Growing up in Finland in the 1970s-1990s, meant that I was not massively exposed to different wines.. Sure there were those more sophisticated who knew their claret from their Burgundy,  but where I come from, any alcohol consumed with dinner tended to be lager. There wasn’t a vast variety of wines to choose from in my home town and people often chose their drink based on the prettiest label or affordability, rather than the content of the bottle. 


There is a scene in the latest Aki Kaurismaki film “Fallen Leaves” where the main protagonist offers her date a glass of sparkling wine from a miniature bottle they share. The man asks “What is this?” to which she replies: “They call it an aperitif”. Those of you familiar with this master filmmaker’s deadpan style, will realise this is not meant as  a depiction of modern Finland, but rather an affectionate nod to the past. And yes there are still plenty of those who would not opt for a sparkling, or any wine for that matter.

(Things have moved on since I left in the mid-nineties and these days a great variety of wines from all over the world are being consumed in this arctic, grapeless land). 

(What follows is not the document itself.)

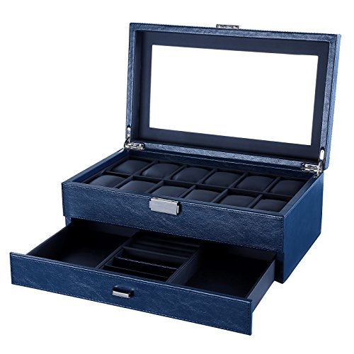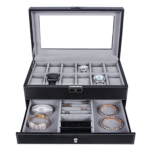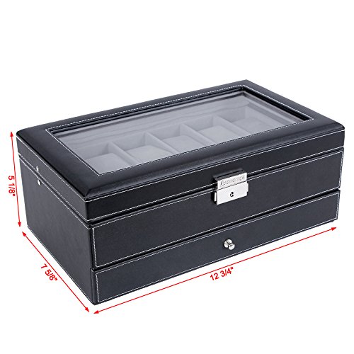 SONGMICS Black Leather Watch Box is great for personal use, shop display and home decoration. What a great way to not only display your jewelry but also save time in the morning. Real glass top provides you with better view to choose your beloved jewelry. The lid has a metal hinge attached to keep it from falling back. Metal lock with keys makes sure of safety. This is a nice showcase and works well to keep your watches, necklaces, bracelets, rings, earrings safe and organized. Nice gift idea for girls, boys, women and men. Specification:

And, of course, England was not traditionally a wine country either. It’s only in recent years the wines in the south, particularly sparkling,  have gained international recognition; partly due to unfortunate reasons (global warming) and partly because the soil is identical to the one in the Champagne region. The beer culture in the pubs is still strong but people are now more interested in wine in general, and the ‘wine with dinner’ culture has existed here somewhat longer than in the Nordic countries, mainly due to exposure to different cuisines through migration and travel. 


Then there is also the question of matching wine with local food. Whilst it makes total sense to your palate to have a Loire Sauvignon with a local goats cheese, as the wine has been developed alongside the food, it’s trickier to start from scratch in countries where wine was not traditionally grown and consumed. Traditional food in Finland was basic (but often delicious and made from fresh ingredients), and, to this day, it still makes more sense to  have a lager with your herring and mash. However, if you do prefer wine (as I do), I’ve found that, for instance, it’s best to consider what type of fish would closely match with the flavour profile and texture of herring. And, since sardines are closely related, something like VInho Verde is a good option. 

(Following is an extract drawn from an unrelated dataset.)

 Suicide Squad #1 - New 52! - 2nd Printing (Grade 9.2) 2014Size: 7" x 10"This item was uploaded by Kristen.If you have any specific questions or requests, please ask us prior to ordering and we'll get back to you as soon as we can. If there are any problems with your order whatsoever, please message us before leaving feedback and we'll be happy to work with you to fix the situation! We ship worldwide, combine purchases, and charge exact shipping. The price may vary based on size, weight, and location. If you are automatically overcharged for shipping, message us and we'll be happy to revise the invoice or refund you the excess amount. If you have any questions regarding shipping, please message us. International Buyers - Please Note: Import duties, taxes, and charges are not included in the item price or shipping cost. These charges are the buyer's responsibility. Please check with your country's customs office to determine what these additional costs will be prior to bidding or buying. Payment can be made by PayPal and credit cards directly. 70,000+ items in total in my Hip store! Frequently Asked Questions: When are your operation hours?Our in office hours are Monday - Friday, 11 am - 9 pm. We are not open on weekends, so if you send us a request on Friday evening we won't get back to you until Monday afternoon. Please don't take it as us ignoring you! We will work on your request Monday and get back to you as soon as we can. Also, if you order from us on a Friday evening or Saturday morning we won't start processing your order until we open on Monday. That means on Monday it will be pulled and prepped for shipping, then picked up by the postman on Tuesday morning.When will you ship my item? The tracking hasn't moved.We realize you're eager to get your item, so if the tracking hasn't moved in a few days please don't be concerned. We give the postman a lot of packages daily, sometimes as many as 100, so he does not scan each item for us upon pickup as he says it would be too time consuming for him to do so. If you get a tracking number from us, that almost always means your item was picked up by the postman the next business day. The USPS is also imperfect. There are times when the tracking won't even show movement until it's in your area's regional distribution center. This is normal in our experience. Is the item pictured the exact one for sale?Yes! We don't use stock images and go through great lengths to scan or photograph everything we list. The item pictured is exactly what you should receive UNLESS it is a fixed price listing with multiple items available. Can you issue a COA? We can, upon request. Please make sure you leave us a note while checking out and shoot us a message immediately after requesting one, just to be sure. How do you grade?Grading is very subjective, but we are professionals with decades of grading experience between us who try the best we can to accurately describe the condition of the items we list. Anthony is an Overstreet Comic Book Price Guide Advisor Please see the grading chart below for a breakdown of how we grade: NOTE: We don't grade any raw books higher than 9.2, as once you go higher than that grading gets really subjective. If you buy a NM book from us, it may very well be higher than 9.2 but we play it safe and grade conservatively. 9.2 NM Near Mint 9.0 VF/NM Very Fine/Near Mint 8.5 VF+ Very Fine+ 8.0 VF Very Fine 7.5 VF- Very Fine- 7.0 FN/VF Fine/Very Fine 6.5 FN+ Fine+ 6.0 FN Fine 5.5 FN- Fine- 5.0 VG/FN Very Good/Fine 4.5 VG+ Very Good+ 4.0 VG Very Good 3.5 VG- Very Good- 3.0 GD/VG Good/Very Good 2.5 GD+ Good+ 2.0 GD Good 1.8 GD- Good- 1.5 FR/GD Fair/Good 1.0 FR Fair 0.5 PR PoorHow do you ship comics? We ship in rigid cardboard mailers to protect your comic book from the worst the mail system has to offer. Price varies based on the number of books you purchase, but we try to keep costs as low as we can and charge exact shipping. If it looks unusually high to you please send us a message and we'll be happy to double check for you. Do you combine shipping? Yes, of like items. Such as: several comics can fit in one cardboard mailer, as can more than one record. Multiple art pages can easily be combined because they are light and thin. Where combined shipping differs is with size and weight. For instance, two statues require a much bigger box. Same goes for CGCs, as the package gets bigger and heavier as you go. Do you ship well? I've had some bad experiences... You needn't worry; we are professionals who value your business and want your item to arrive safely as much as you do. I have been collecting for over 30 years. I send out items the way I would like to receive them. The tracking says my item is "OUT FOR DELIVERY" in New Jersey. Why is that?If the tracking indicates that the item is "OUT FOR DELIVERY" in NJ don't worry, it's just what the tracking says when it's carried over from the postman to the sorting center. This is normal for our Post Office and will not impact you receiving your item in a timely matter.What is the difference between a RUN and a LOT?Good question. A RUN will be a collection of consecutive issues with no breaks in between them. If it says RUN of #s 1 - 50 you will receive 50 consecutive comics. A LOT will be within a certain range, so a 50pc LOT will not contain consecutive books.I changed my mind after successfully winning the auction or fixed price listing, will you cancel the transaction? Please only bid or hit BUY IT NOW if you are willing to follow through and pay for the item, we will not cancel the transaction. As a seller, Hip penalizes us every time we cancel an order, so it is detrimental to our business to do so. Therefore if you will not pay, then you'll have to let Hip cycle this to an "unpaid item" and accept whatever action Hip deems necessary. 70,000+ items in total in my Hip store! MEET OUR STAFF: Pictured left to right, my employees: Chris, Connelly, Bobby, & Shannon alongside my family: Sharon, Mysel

I was not always into my wines. For many years I made do with the “two for £5” basket in my local corner shop. It’s not until I was in my thirties, and we visited Vinoteca restaurant in Soho where I had my epiphany.  It was the first time that I went with the recommended wines with each course. Not expecting much, I left the restaurant a changed man! No longer was I willing to sip down a glass of something that clashed with the flavours of the food so that all you could taste was alcohol. And yes, I did go a bit overboard, wanting to spend any spare penny on the right type of glass to match each grape (nowadays I have just two/ three favourites that I tend to drink from no matter what the grape, but I’m still (sadly) proud of my collection). We’d also inherited some wine books (including numerous Hugh Johnsons's annual pocket books) from Rachel’s late father, who had had a wine business. I started spending hours reading them, meticulously  inspecting the maps of the wine regions and learning about the grapes (you soon realise there is just way too much to know and that you will never be able to list the 10,000 existing grape varieties in a quiz). Yes, I got obsessed. I learnt loads but forgot loads too. I have calmed down since but I’m glad I invested that time as I now have some solid, basic knowledge that has allowed us to enjoy some amazing food and wine moments. And each time the flavours match, I do a proverbial high five with myself. 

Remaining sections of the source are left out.